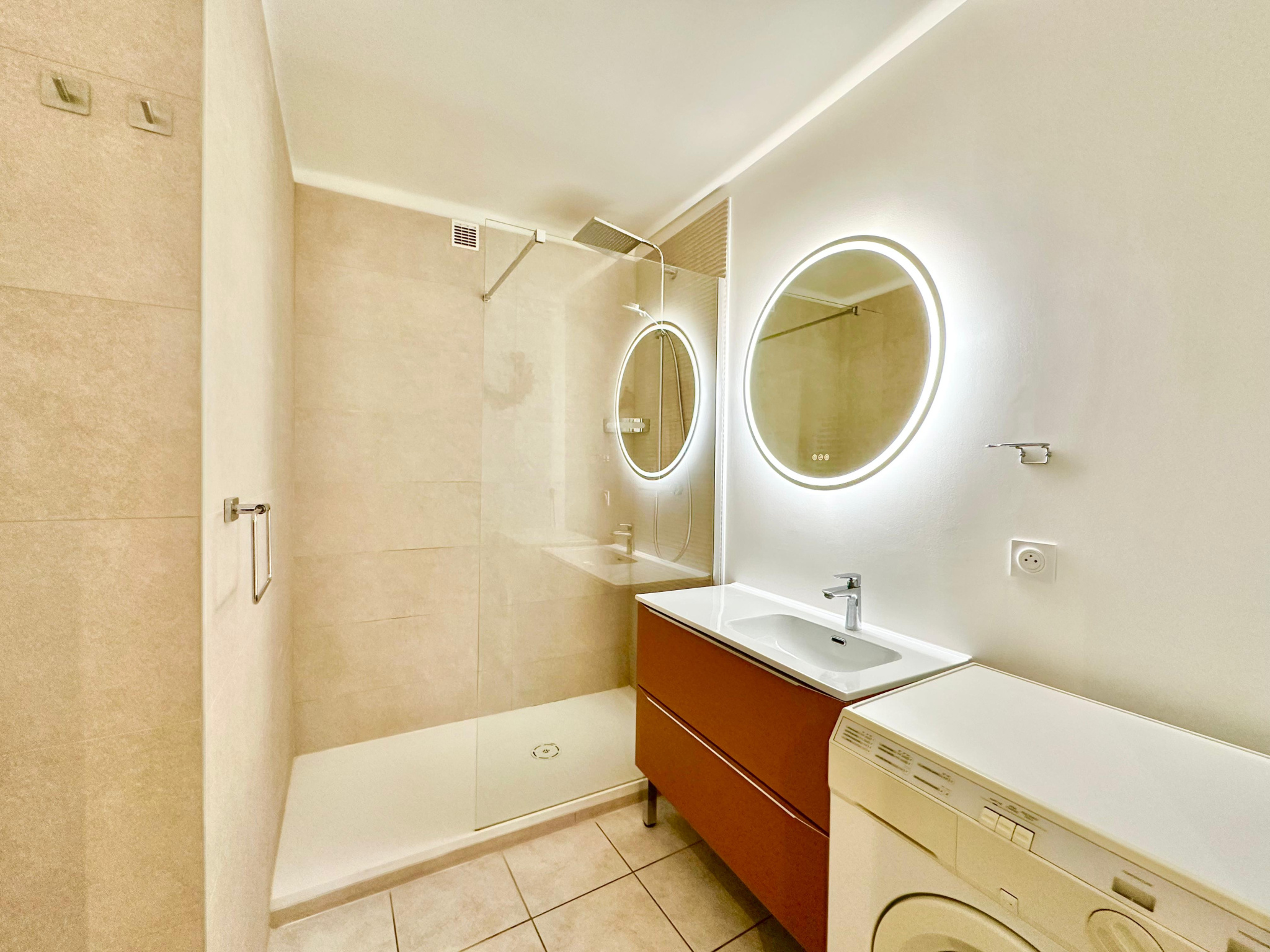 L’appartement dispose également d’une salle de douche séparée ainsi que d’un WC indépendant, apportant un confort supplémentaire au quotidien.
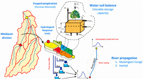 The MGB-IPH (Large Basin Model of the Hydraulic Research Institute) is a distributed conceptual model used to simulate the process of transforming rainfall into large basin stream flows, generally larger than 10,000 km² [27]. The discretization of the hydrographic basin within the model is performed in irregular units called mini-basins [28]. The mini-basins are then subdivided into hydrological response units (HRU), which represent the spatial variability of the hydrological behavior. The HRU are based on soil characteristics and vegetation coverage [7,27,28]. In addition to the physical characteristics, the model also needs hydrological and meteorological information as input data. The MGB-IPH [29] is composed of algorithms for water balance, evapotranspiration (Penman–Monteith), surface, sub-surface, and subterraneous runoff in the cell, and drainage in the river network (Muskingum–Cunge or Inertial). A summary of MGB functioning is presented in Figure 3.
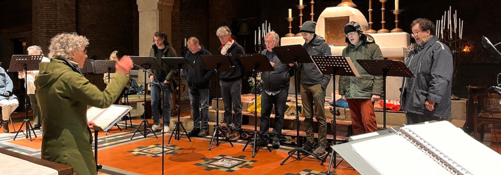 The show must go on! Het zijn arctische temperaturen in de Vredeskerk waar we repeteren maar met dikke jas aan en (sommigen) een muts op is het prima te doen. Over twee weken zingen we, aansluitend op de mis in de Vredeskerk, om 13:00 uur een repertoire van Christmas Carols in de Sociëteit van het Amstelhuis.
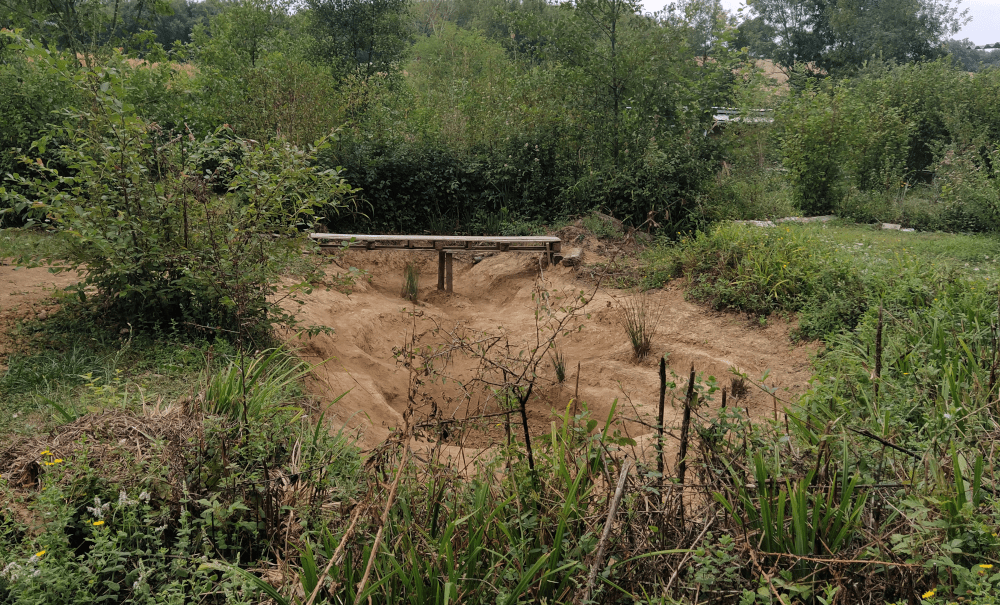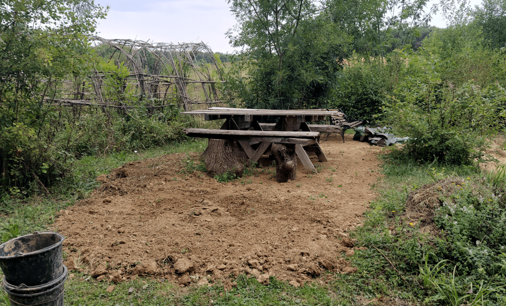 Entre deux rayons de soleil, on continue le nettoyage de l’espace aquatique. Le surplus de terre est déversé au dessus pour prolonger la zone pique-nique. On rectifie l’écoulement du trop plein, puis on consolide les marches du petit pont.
________
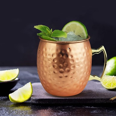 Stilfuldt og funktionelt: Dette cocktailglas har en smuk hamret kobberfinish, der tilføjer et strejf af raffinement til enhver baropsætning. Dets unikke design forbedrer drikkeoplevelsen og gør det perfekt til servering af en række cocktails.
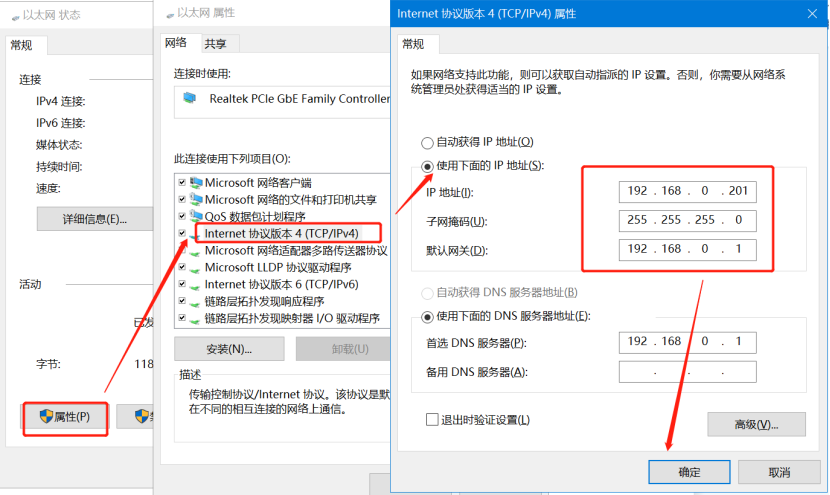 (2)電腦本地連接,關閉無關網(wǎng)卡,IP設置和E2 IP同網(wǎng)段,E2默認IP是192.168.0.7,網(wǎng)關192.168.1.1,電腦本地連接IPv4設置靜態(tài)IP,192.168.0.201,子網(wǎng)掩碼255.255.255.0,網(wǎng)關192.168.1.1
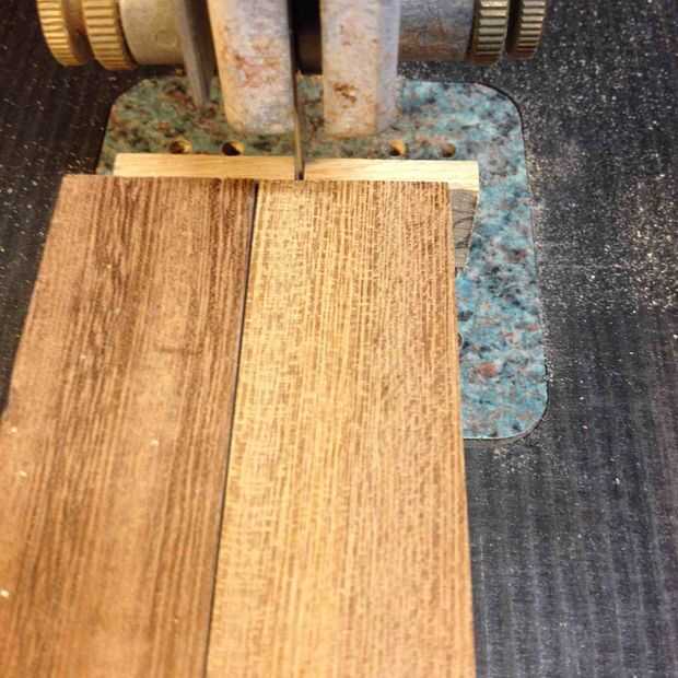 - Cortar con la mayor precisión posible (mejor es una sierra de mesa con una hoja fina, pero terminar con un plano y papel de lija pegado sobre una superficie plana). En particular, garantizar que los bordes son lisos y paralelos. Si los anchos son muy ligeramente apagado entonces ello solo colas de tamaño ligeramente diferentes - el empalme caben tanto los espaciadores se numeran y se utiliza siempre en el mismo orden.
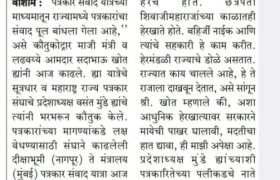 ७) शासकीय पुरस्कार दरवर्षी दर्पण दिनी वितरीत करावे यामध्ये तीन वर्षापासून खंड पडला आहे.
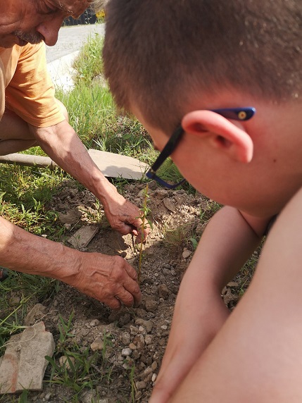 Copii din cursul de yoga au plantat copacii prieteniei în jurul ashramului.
________
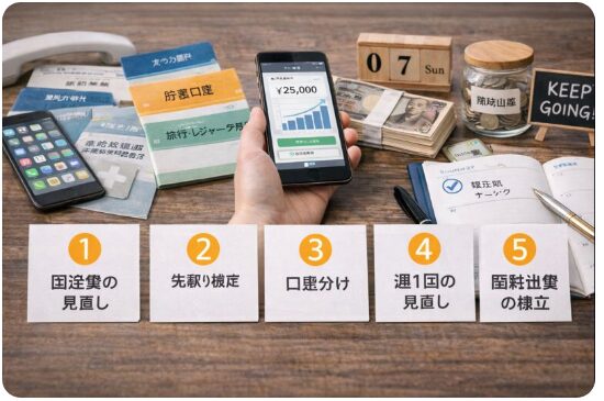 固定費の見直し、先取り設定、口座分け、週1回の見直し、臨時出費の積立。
________
## What this task involves
Write back word for word every line in the entries above from the one with "L’appartement dispose également" to the one with "The MGB-IPH (Large", ends included, and none of the pictures.

## Response
 L’appartement dispose également d’une salle de douche séparée ainsi que d’un WC indépendant, apportant un confort supplémentaire au quotidien.
 The MGB-IPH (Large Basin Model of the Hydraulic Research Institute) is a distributed conceptual model used to simulate the process of transforming rainfall into large basin stream flows, generally larger than 10,000 km² [27]. The discretization of the hydrographic basin within the model is performed in irregular units called mini-basins [28]. The mini-basins are then subdivided into hydrological response units (HRU), which represent the spatial variability of the hydrological behavior. The HRU are based on soil characteristics and vegetation coverage [7,27,28]. In addition to the physical characteristics, the model also needs hydrological and meteorological information as input data. The MGB-IPH [29] is composed of algorithms for water balance, evapotranspiration (Penman–Monteith), surface, sub-surface, and subterraneous runoff in the cell, and drainage in the river network (Muskingum–Cunge or Inertial). A summary of MGB functioning is presented in Figure 3.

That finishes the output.